"""
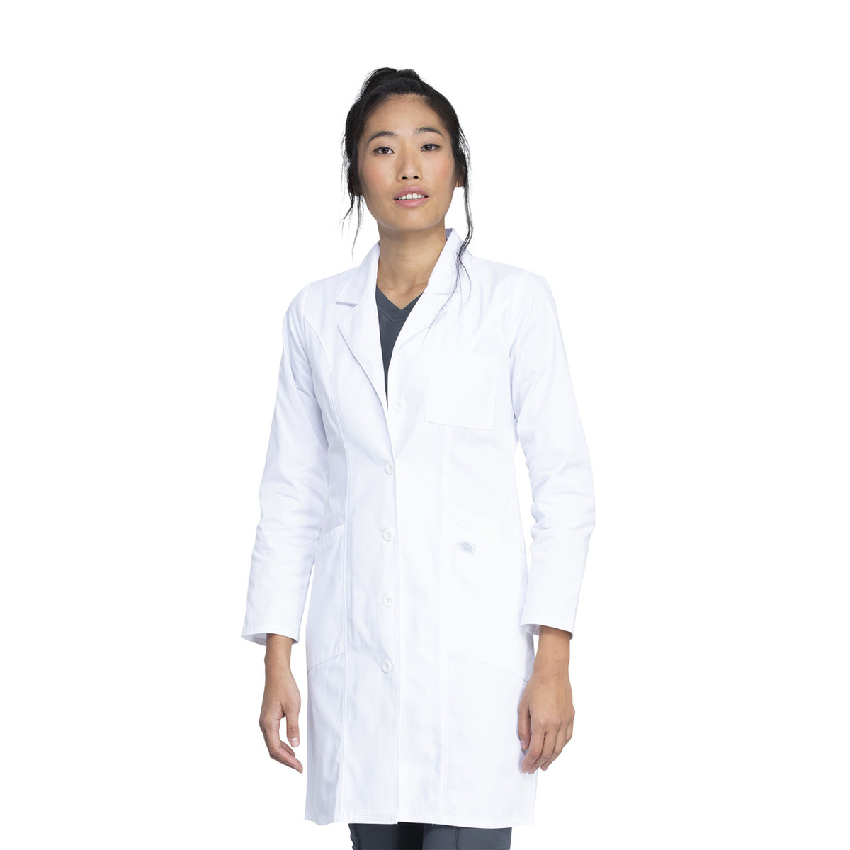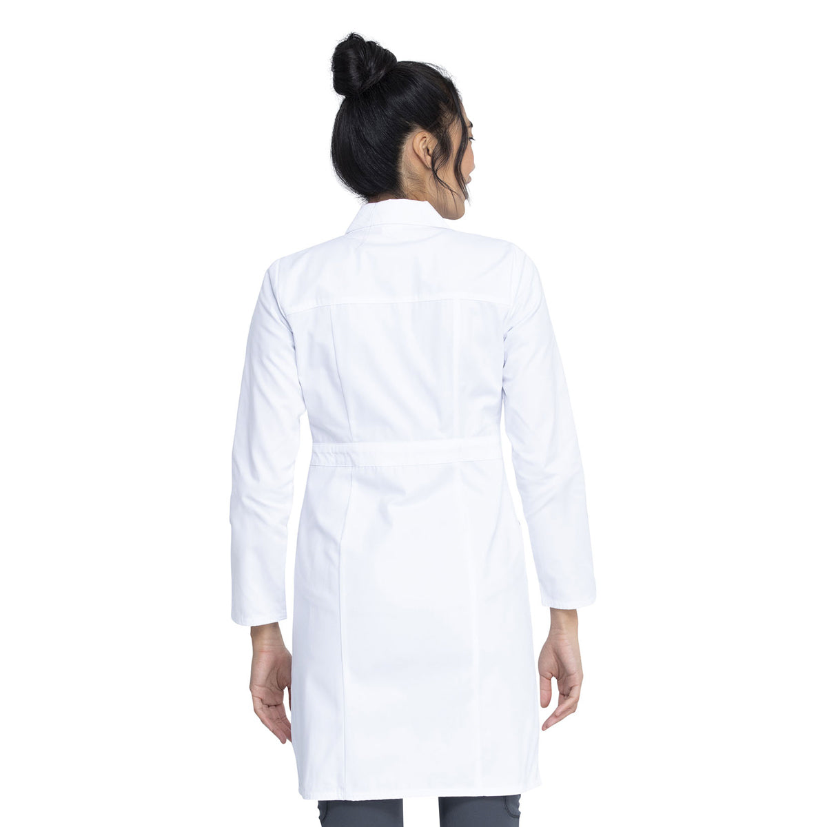 A Contemporary fit button front lab coat features notched lapels and four patch pockets (one chest pocket, two front angled pockets and one cell phone pocket) with a hidden instrument holder inside the right pocket. Back princess seams and a sewn down back belt complete this picture. Center back length: 37". Imported.
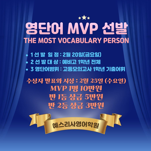 예스리사영어학원(영등) 예비고1 영단어 MVP 장학금 선발
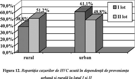 Din punct de vedere epidemiologic pacientii examinati au fost repartizati astfel: in lotul 1 din regiunea urbana faceau parte 44(61,1%) sic cea rurala 28(38,9%),iar in lotul 2 din regiunea urbana 20(48,8%) bolnavi si cea rurala 21(51,2%). VEZI FIGURA 3
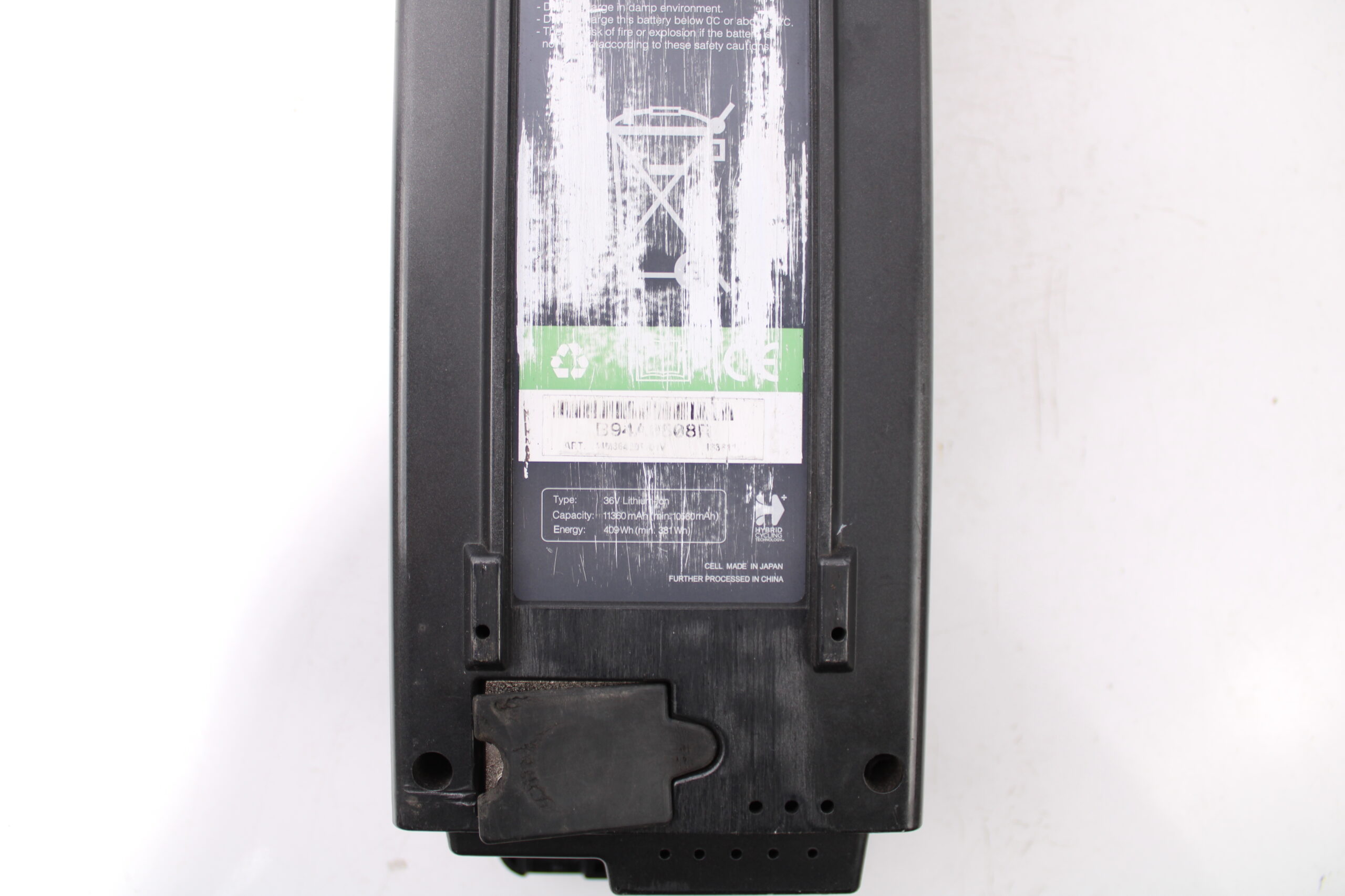 Artikel: Accu powerpack 36v 409Wh. Dit onderdeel is afkomstig van een Giant Triple X elektrische fiets. Het betreft een originele onderdeel dat verkeert in defecte staat, met mogelijke gebruikssporen.
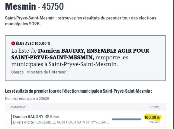 « Dans cette commune, une seule liste était candidate au scrutin municipal. Le taux de participation s'élève à 40.81 % (1.782 votants sur 4.367 inscrits). »
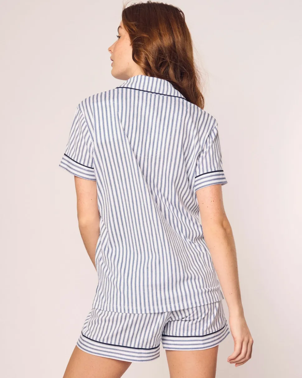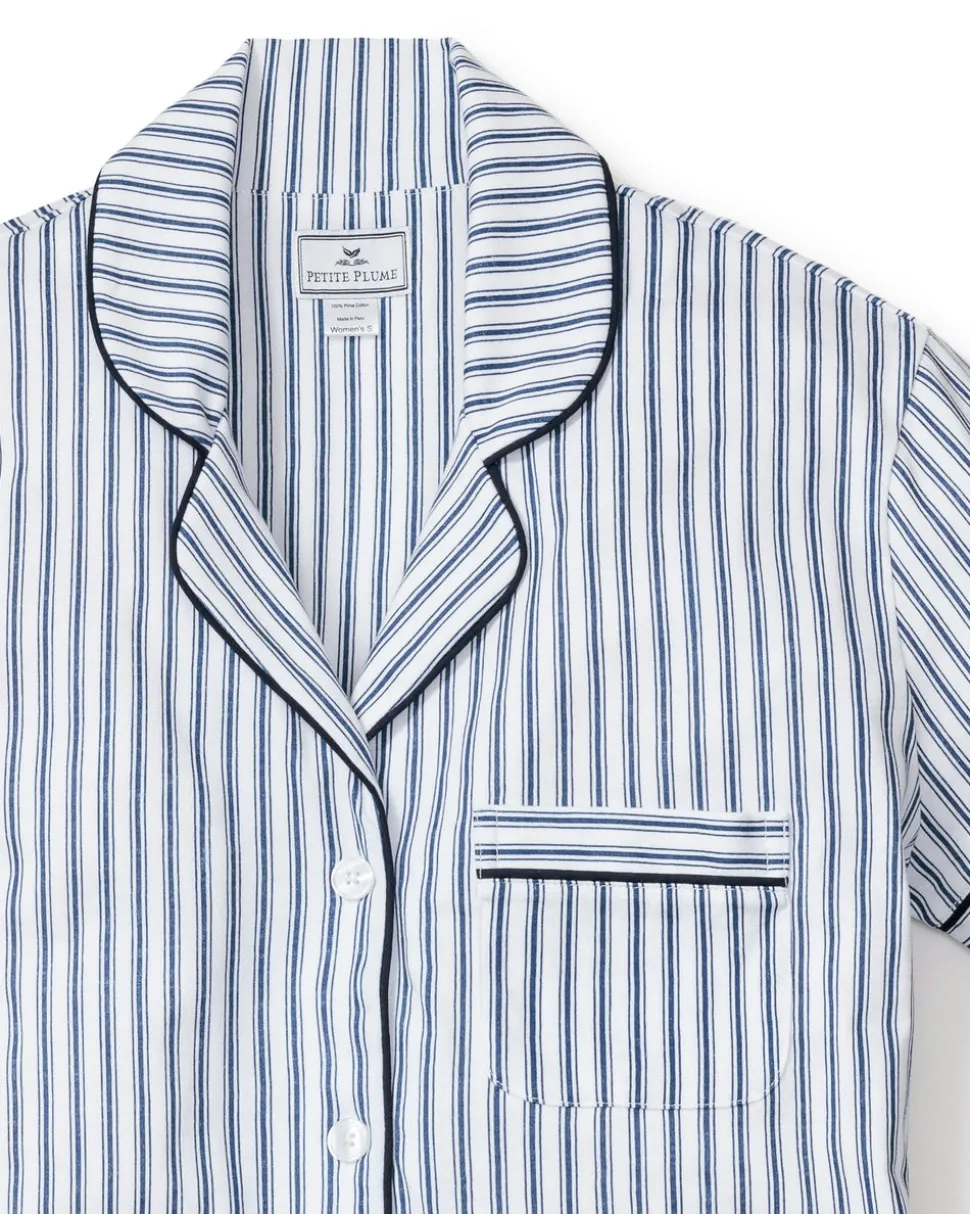 Petite Plume wishes you a “bonne nuit,” and in their luxury sleepwear, it’s hard not to oblige. The Women’s Pima Short Sleeve Short Set in Navy French Ticking features a classic pattern that is here to stay, with no frills just clean, crisp lines. Arriving in a flirty, comfortable mid-thigh length short, the Pima Collection is sewn from this exquisite fabric: luxurious, supple jersey knit pajamas that drape beautifully and continue to soften with each washing. Buttery and smooth yet breathable, too, this collection is yarn-dyed to prevent fading and is destined to become a fixture of your soothing bedtime ritual.
"""
■ Work required ■
Pictures are to be omitted from the copy. Reproduce exactly, and only, the lines from the one containing "Artikel: Accu powerpack" to the end of the listing above.

■ Your solution ■
 Artikel: Accu powerpack 36v 409Wh. Dit onderdeel is afkomstig van een Giant Triple X elektrische fiets. Het betreft een originele onderdeel dat verkeert in defecte staat, met mogelijke gebruikssporen.
 « Dans cette commune, une seule liste était candidate au scrutin municipal. Le taux de participation s'élève à 40.81 % (1.782 votants sur 4.367 inscrits). »
 Petite Plume wishes you a “bonne nuit,” and in their luxury sleepwear, it’s hard not to oblige. The Women’s Pima Short Sleeve Short Set in Navy French Ticking features a classic pattern that is here to stay, with no frills just clean, crisp lines. Arriving in a flirty, comfortable mid-thigh length short, the Pima Collection is sewn from this exquisite fabric: luxurious, supple jersey knit pajamas that drape beautifully and continue to soften with each washing. Buttery and smooth yet breathable, too, this collection is yarn-dyed to prevent fading and is destined to become a fixture of your soothing bedtime ritual.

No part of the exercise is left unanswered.